After installing a Rust toolchain and adding the optional Clippy and Rustfmt tools via
```console
rustup component add clippy rustfmt
```
the code can be formatted and linted by running
```console
> cargo xtask
```
`deployment/harvester.toml` tracks all relevant sources. Based on that, a configuration like
```toml
[[sources]]
name = "uba-gdi"
type = "csw"
url = "https://metadaten.uba.de/csw"
origins = ["/Bund/UBA/GDI"]
source_url = "https://metadaten.uba.de/smartfinder-client/?lang=de#/datasets/iso/{{id}}"
```
should be created at `data/harvester.toml`. (Please be responsible when reusing the harvester configurations provided here. Most importantly, this means not placing undue load on these servers.)
The harvester and indexer can then be invoked by
```console
> cargo xtask harvester
```
Finally, executing
```console
> cargo xtask server
```
will make the server listen on `127.0.0.1:8081`.
We use both unit tests which can be invoked using
```console
> cargo xtask test
```
and regression tests for the harvester which can be invoked by
```console
> cargo xtask regression-test
```
Iteratively developing harvesters can be time-consuming and place undue load on the source due to large responses being transmitted over the network. To mitigate this issue, each request must be identified using a key
```rust
let response = client.make_request(source, key, |client| ...).await?;
```
under which its response is stored on disk. Once development has reached a state where the set of requests is stable, all parsing and extraction can then be developed using replayed responses. During development, these files are only fetch again if they are deleted manually. During operations, they are expired using a randomized time-based procedure.
The datasets which resulting from running the harvester against some pre-recorded responses are checked automatically using the command
```console
> cargo xtask regression-test
```
which will display the difference between the JSON representations of any dataset that changed compared to what is currently checked into version control. (This implies that most changes to the metadata schema or the file format will be detected as changes to all datasets.)

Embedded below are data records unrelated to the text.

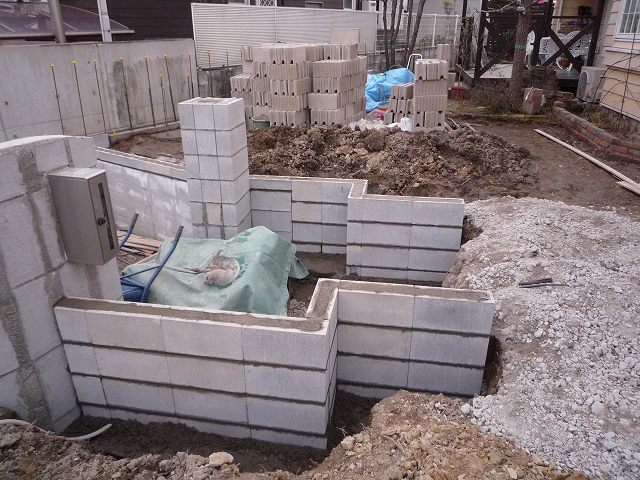 ブロック積みです。
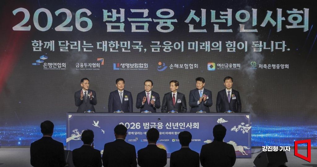 김준 생명보험협회 전무와 정완규 여신금융협회장, 조용병 은행연합회장, 황성엽 금융투자협회장, 오화경 저축은행중앙회장, 오홍주 손해보험협회 전무(왼쪽부터)가 5일 오후 서울 중구 롯데호텔에서 열린 '2026 범금융 신년인사회'에 참석해 기념촬영을 하고 있다.
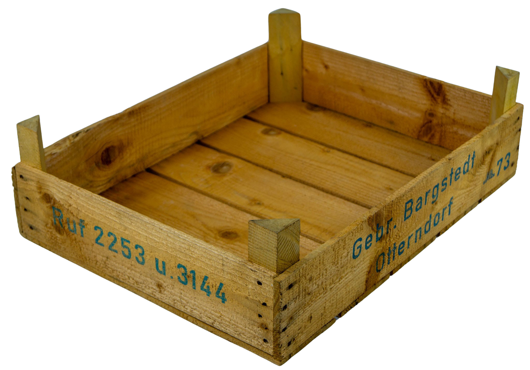 - Gebrauchsspuren: Die Kisten wurden direkt von Obst- und Gemüsebauern oder Floristen verwendet und weisen daher leichte Gebrauchsspuren auf. Sie werden lediglich grob abgeklopft, aber nicht gründlich gereinigt.
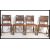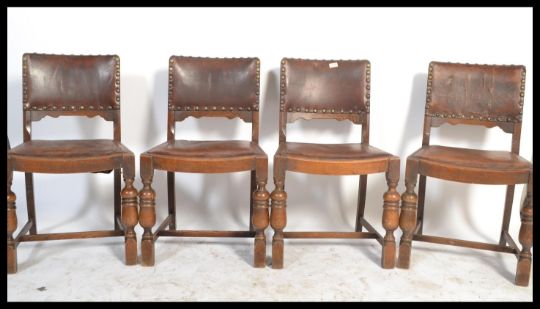 A set of four 20th Century Art Deco dining chairs, tan leather upholstered seat pads and back rests with stud detail raised on turned supports united by stretchers. Measures 83cms by 47cms by 42cms.
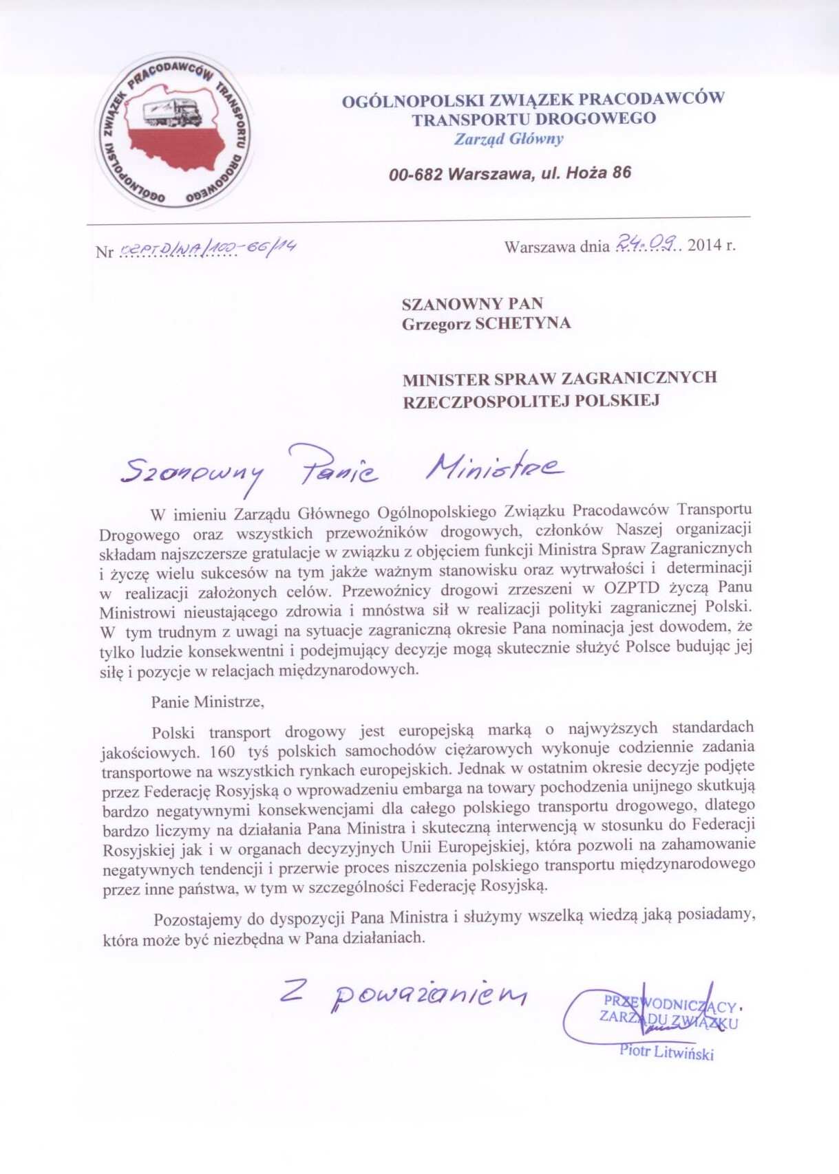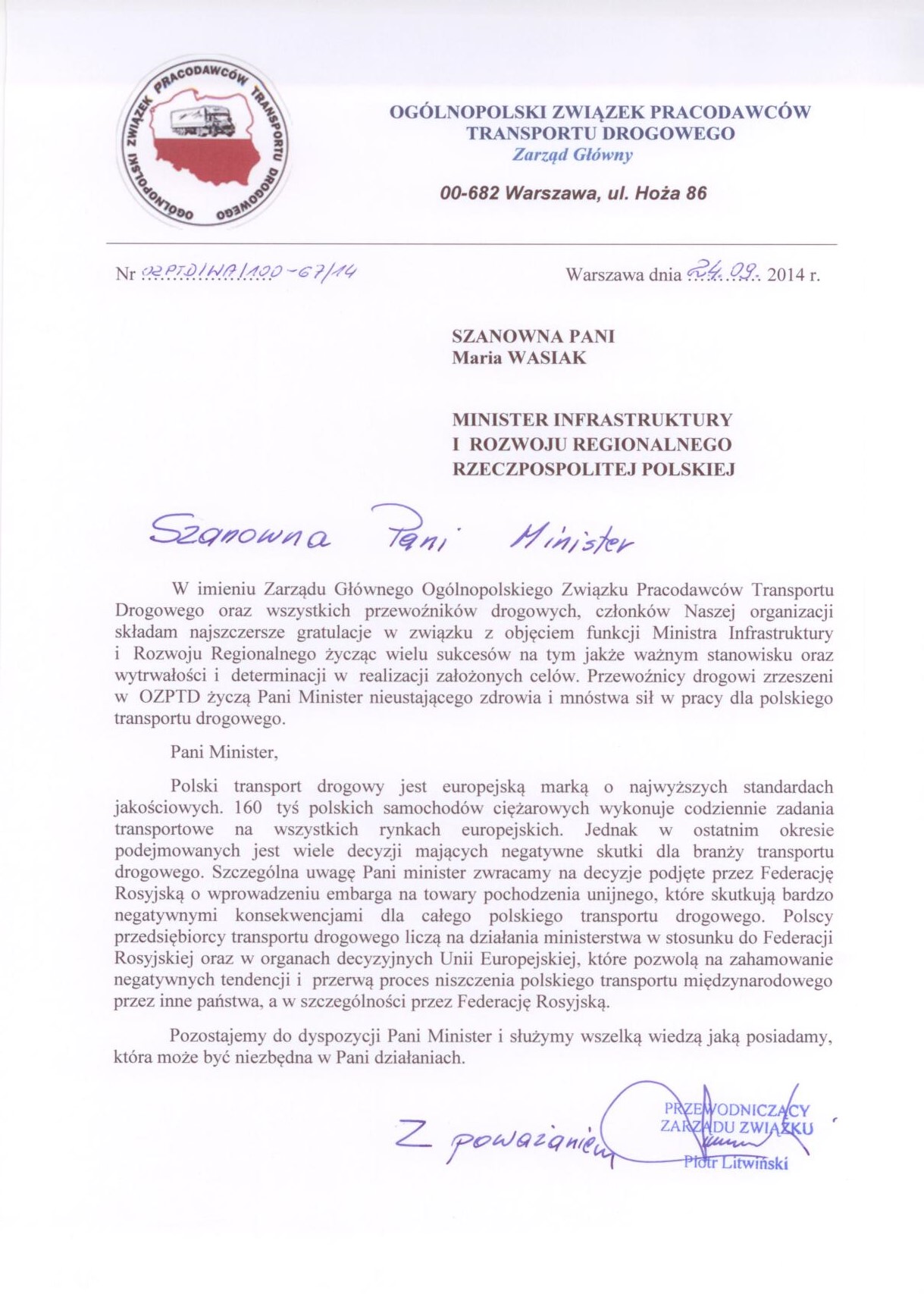 Dnia 22.09.2014 r. urząd Ministra Infrastruktury i Rozwoju objęła Pani Maria Wasiak. Przewodniczący OZPTD - Piotr Litwiński przesłał w imieniu władz Związku i wszystkich członków list gratulacyjny dla Pani Minister z racji objęcia nowego stanowiska.

When the changes are intentional, e.g. the pre-recorded responses were extended or new functionality was added to a harvester, the regression tests should run again with the additional `accept` subcommand appended
```console
> cargo xtask regression-test accept
```
to produce a commit which effectively updates the expected results.

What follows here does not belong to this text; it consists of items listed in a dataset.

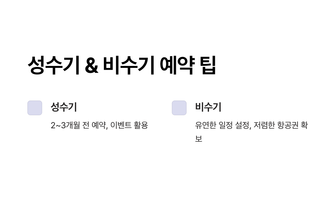 비성수기에는 요일별 가격 차이가 적으므로, 여행 날짜를 유연하게 조정하여 더 저렴한 항공권을 찾으세요. - 할인 이벤트 확인
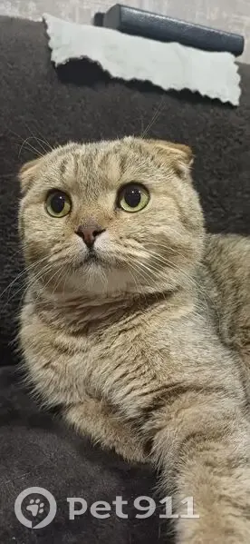 Коричневый, полосатый, лалки черные. Животик бритый, недавно кострированный, пугливый, в руки не дается. Убежас с участка, искали по всему СНТ - безрезультатно.
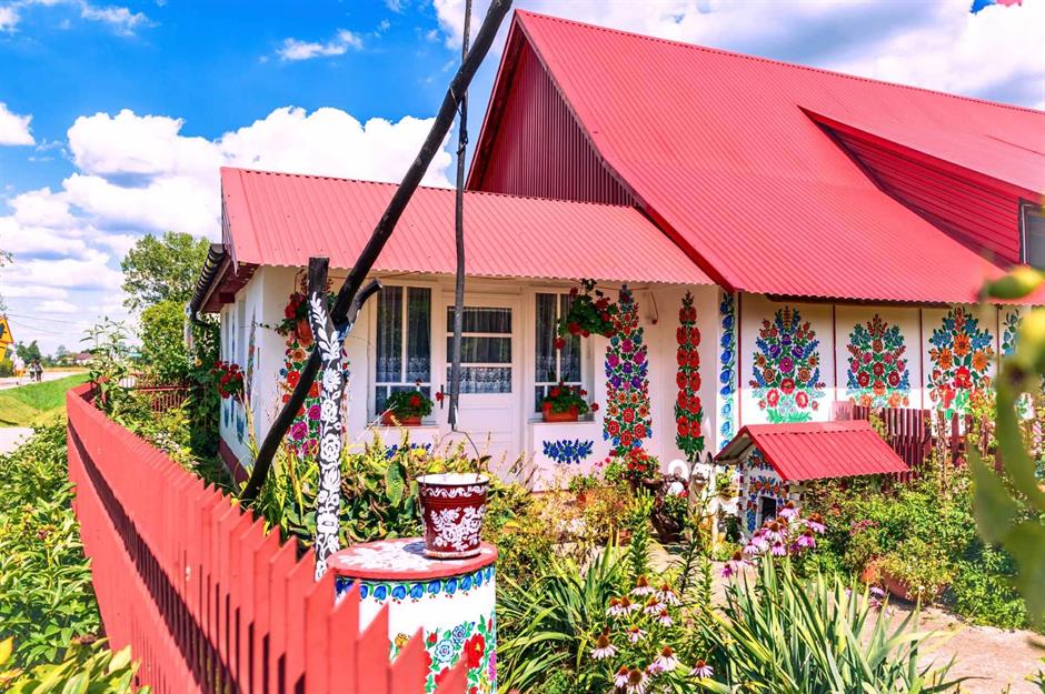 Das hübsche Dörfchen Zalipie in Südpolen birgt ein Geheimnis: Schon im 19. Jahrhundert verwendeten Frauen hier eine Mischung aus Farbpulver und Milch, um schmutzige Stellen an den Häusern zu übermalen. Diese Tradition hat sich bis heute gehalten und mittlerweile sind mehr als 30 Häuser in Zalipie mit kunstvollen Blumenmustern geschmückt. Einige der Häuser können heute als Museen besichtigt werden, andere befinden sich in Privatbesitz.
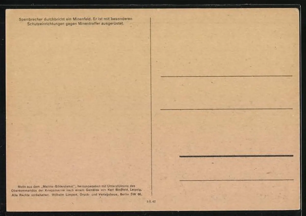 AK Sperrbrecher durchbricht ein Minenfeld, Er ist mit besonderen Schutzeinrichtungen gegen Minentreffer ausgerüstet, Kri
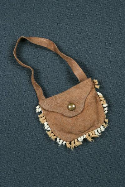 Borsa di pelle marrone con bottone metallico cucito sul davanti e nel quale si abbottona l'asola tagliata nella parte superiore. Lunga tracolla di pelle marrone e bordo decorato con passamaneria di cotone e piccoli fiocchetti bianchi e marrone. Nella borsa è inserita un'imbottitura di ovatta.
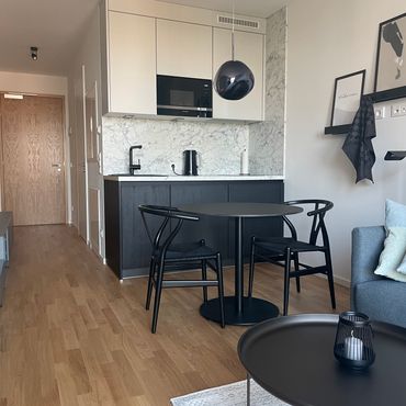 Moderne, helle Wohnung im Mundsburg Apartment Tower mit Blick über Hamburg
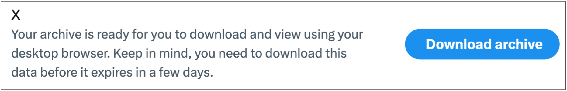 - You are able to download your account data on X. If you have not yet received a notification from X that your account data is available, please wait for that notification before beginning this part of the study.
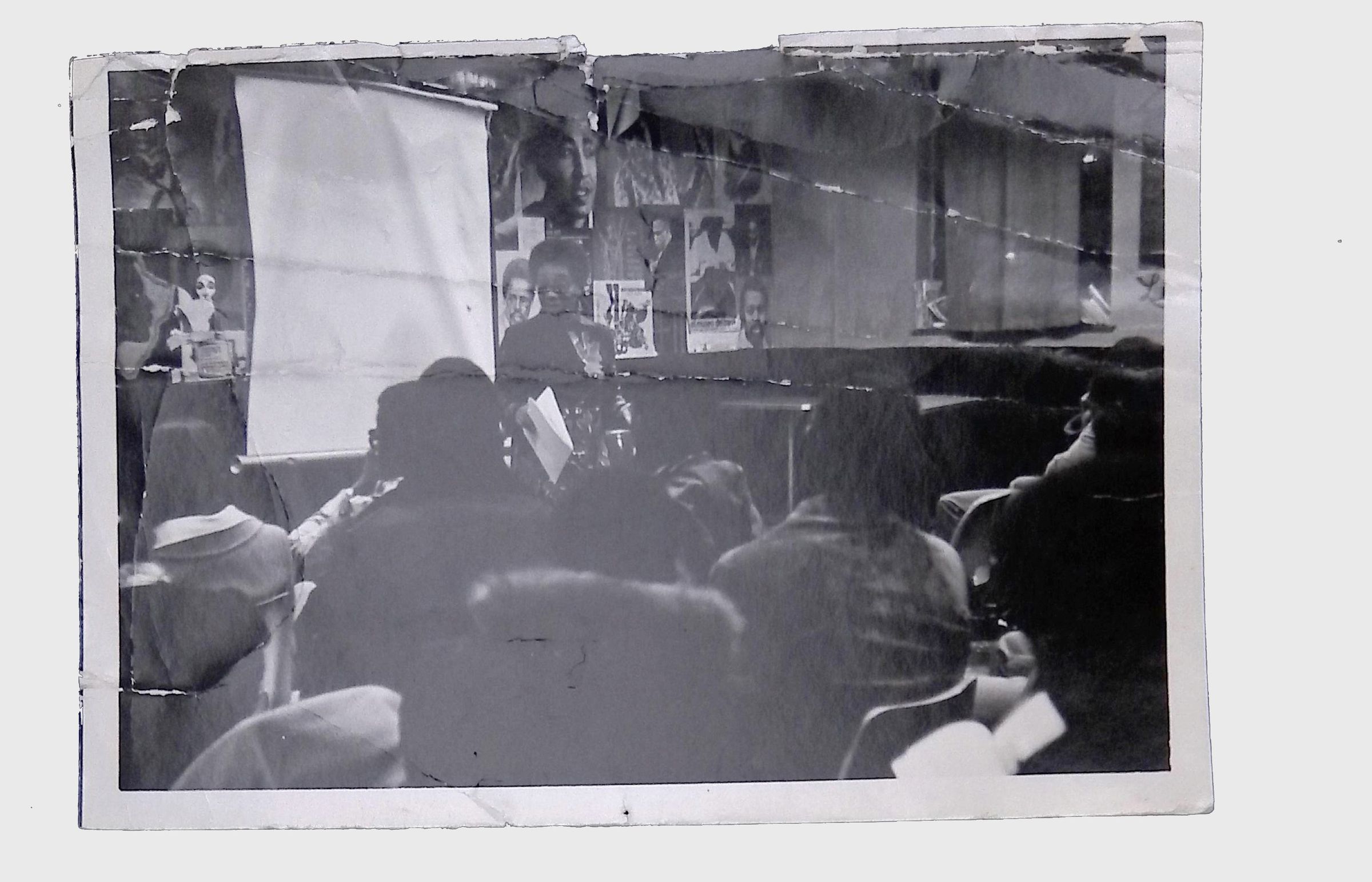 The folder includes multiple black-and-white photographs showing an indoor gathering. One image captures a person holding up a document, possibly reading or presenting it to an audience. Another image shows a seated crowd listening attentively. The backs of some photographs contain handwritten inscriptions, such as “Henry St. School,” suggesting a possible connection to an educational institution or community event. These images serve as historical records of a significant gathering related to Latimer’s impact or broader historical discussions.Photograph Details
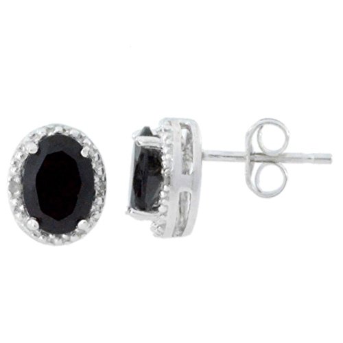 -. Title : 2 Ct Genuine Black Onyx & Diamond Oval Stud Earrings 14Kt White Gold & Sterling Silver

Benchmarks are created in the `benches` directory and registered as a target in the `Cargo.toml` file.
Executing all benchmarks is done via
```console
> cargo xtask bench
```
and a single target can be run by
```console
> cargo xtask bench --bench [name_of_target]
```
The crate `tiny-bench` is used and will always display the change of timings compared to the last run of the benchmark.

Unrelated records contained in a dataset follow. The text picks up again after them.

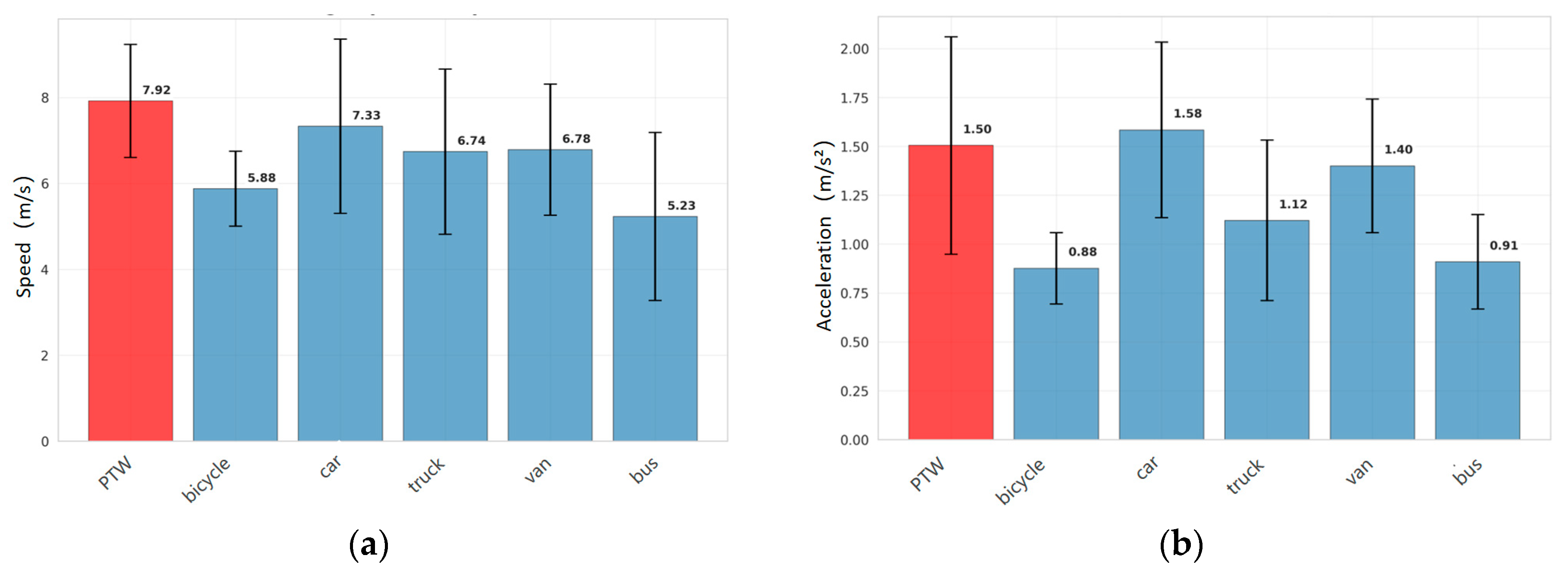 - This study specifically focuses on PTWs, capturing their unique motion patterns in mixed traffic scenarios. This fine-grained analysis enhances behavioral prediction accuracy, contributing to improved safety for autonomous vehicles.
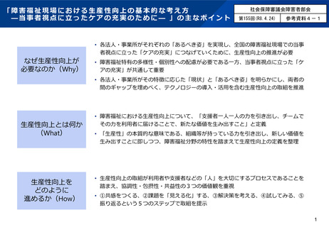 参考資料4-1 「障害福祉現場における生産性向上の基本的な考え方-当事者視点に立ったケアの充実のために-」の主なポイント
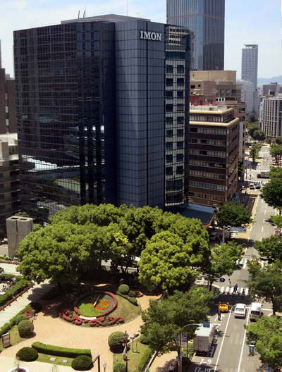 円筒部分(エレベーターなどが供用サービス設備が集約された部分)の外観が一新され「IMON」ロゴが付いています。

Some functions use external databases which need to be pre-processed before deployment. This is done using the `xtask` binary during development and using CI jobs during operation.
```console
> curl --output allCountries.zip --location http://download.geonames.org/export/dump/allCountries.zip
> unzip allCountries.zip
> cargo xtask geonames < allCountries.txt
```
```console
> curl --output kaikki.org-dictionary-German.json --location https://kaikki.org/dictionary/German/kaikki.org-dictionary-German.json
> cargo xtask kaikki < kaikki.org-dictionary-German.json
```
```console
> curl --output Auszug_GV.xlsx --location https://www.destatis.de/DE/Themen/Laender-Regionen/Regionales/Gemeindeverzeichnis/Administrativ/Archiv/GVAuszugJ/31122021_Auszug_GV.xlsx?__blob=publicationFile
> cargo xtask ars_ags
```
```console
> curl --output b25_utm32s.zip --location "https://sg.geodatenzentrum.de/wfs_vertriebseinheiten?request=GetFeature&SERVICE=wfs&VERSION=2.0.0&typenames=vertriebseinheiten:b25_utm32s&srsname=urn:ogc:def:crs:EPSG:25832&outputformat=SHAPE-ZIP"
> unzip b25_utm32s.zip
> cargo xtask atkis
```
The HTTP routes `/search`, `/dataset` and `/origin` support content negotiation insofar they yield either rendered HTML pages or the underlying JSON data depending on the `Accept` header transmitted by the HTTP client. An OpenAPI-compatible specification is served at `/openapi.json` and can be explored using Swagger UI served at `/swagger-ui/`.